The UCSF Department of Psychiatry and Behavioral Sciences offers a one-year Consultation-Liaison Psychiatry Fellowship Program for two fellows per year, with each fellow spending six months based at UCSF and six months based the San Francisco VA Medical Center (SFVAMC). This fellowship represents an exciting opportunity to gain expertise in inpatient and outpatient consultation-liaison (C-L) work, acquire advanced teaching and leadership skills, and develop research interests in an academic setting.
The UCSF Medical Center is a 600-bed tertiary and quaternary referral center that also serves as a community hospital. UCSF is distinguished by its integration of medical research and patient care, as well as by its opportunities for clinical training. SFVAMC is a 104-bed acute care center, with a 120-bed Community Living Center for rehabilitation and extended care, located at the picturesque Golden Gate entrance to San Francisco Bay. The facility provides primary, secondary, and tertiary care for veterans throughout Northern California and is one of the main UCSF training sites. Our program values diversity and equity, and is committed to creating and sustaining an inclusive learning environment in all settings that involve fellows.

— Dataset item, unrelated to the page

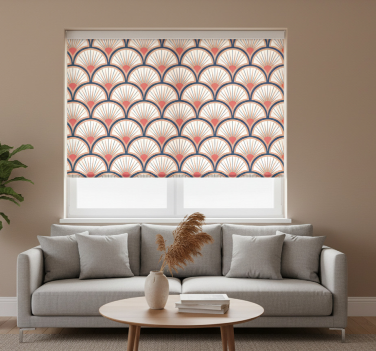 这个设计以交错的扇形图案为特色,结合了珊瑚色和海军蓝的色调,辅以细腻的线条和日光辉映的点缀。生动的拱形创造了一种节奏感和动感,使其成为任何装饰风格中引人注目的补充。

Fellows perform consultation and liaison activities in both inpatient and outpatient settings, including primary care and women’s clinics. The schedule is approximately 50% inpatient and 50% outpatient at both UCSF and SFVAMC. Fellows have the opportunity to work alongside psychiatry and neurology residents, geriatric and addiction psychiatry fellows, nurse practitioners, and social workers to provide formal consultation, triage, liaison services, short-term psychopharmacologic treatment, and individual psychotherapy. In addition to the general outpatient psychiatric consultation-liaison experience, fellows may choose to develop a liaison focus in a specialty area of interest; potential areas include infectious disease, oncology, movement disorders, epilepsy, addiction, geriatrics, women’s health, organ transplantation, sleep medicine, and bariatric surgery.

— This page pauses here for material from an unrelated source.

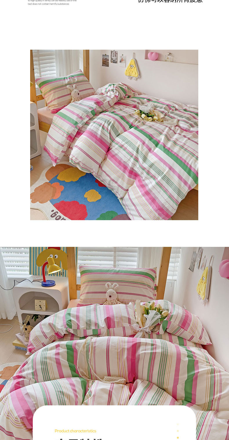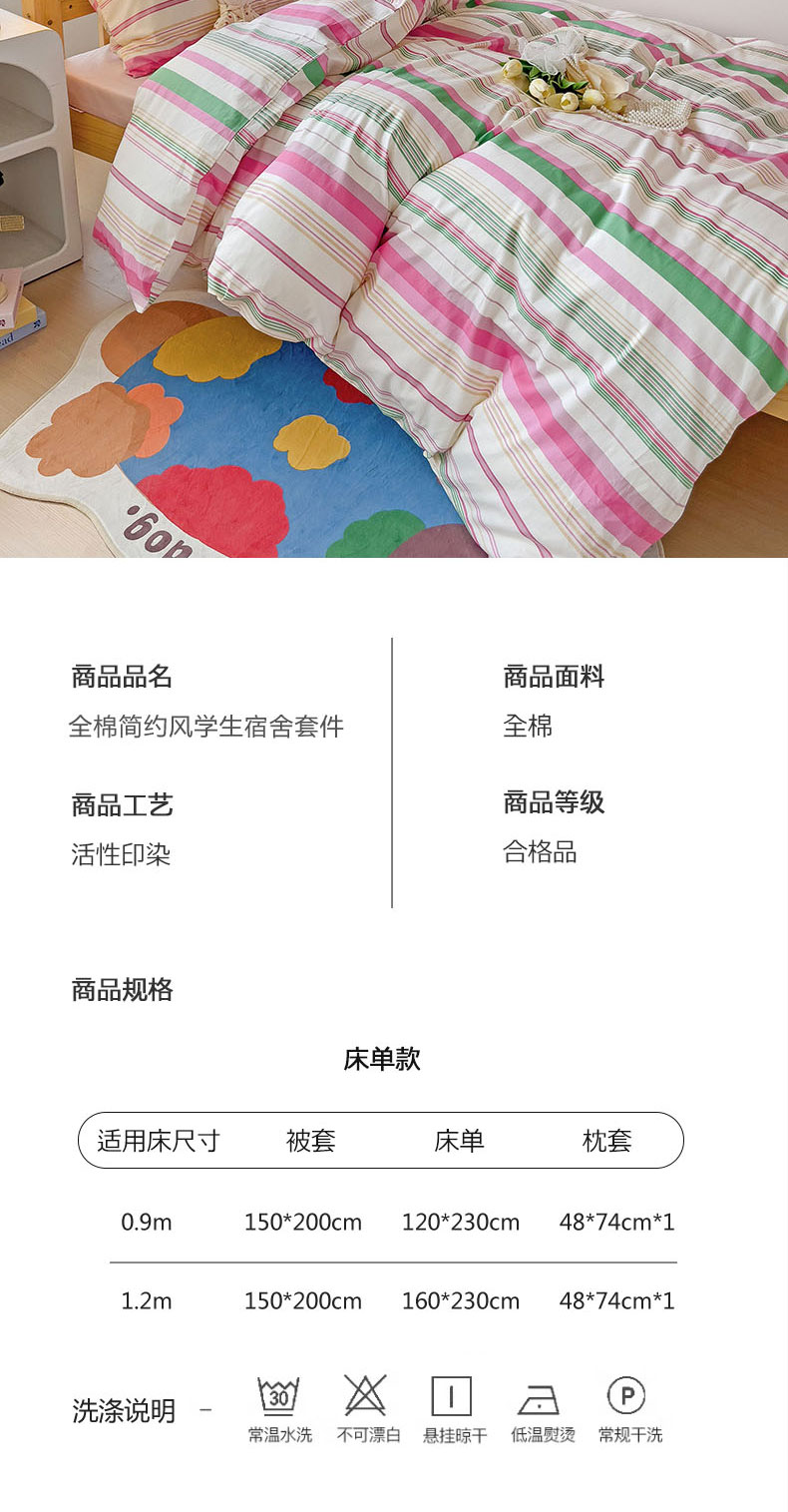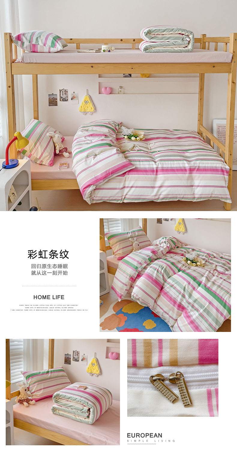 商品名称:梦家居 2024新款全棉简约风学生宿舍三件套 彩虹条纹

Fellows teach medical students, psychiatry residents, and psychiatric nurse practitioner residents in the consultation-liaison setting, with the goal of enhancing further development of leadership and administrative skills. Throughout the year, fellows are able to take advantage of both informal and formal opportunities for learning, including clinical case conferences and discussions, elective seminars, and core didactics in consultation-liaison, addiction, and geriatric psychiatry. Fellows may also engage in elective scholarly activity; UCSF is the top-funded academic institution by the National Institutes of Health and SFVAMC runs the largest funded research program in the Veterans Health Administration system.